Kitaro notes that all of the images presented in the show are important from a viewpoint of astronomical research, which makes this project a useful introduction to modern astronomy.

The show on April 20 will be the first time “Kojiki and the Universe” is performed live in this new format. “I invite everyone to come see this exciting live show and experience it as I will for the first time,” Kitaro says. After the show’s debut this week in San Rafael, Kitaro will tour the world and release the show as a DVD.

Kitaro’s new release, Sacred Journey of Ku-Kai, Vol. 5, picks up where 2010’s fourth volume left off, continuing a theme of peace inspired by the classic Buddhist pilgrimage to the 88 sacred temples on Japan’s island of Shikoku. The previous four volumes of Sacred Journey of Ku-Kai were all Grammy-nominated albums.
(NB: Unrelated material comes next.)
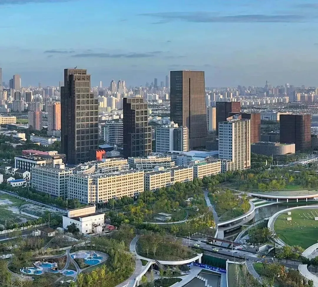 智创TOP产城综合体地处桃浦智创城核心门户,是普陀区与临港集团“区企合作”经典项目。项目总建筑面积约113万平方米,对标浦江两岸开发标准,高起点规划、高品质建设,形成包含智慧办公、商业休闲、人才公寓等多功能的建筑集群,已获绿色建筑三星级认证与LEED铂金级认证。

Volume five expands on the musical dynamic and melodies of those four releases and reflects Kitaro’s ever-evolving growth as an artist and composer.

For the creative process on the latest volume, Kitaro took a new, interesting approach. “Each song was created that very day in the studio. We purposefully didn’t prepare anything in advance and composed songs purely through our inspiration at the moment,” he says.

“With clear minds, we entered the recording studio, picked up on the emotion and energy of the moment and created our first impressions by recording them immediately in the moment.”

The Sacred Journey series began in 2003 as a response to the global events that transpired in the wake of September 11, 2001.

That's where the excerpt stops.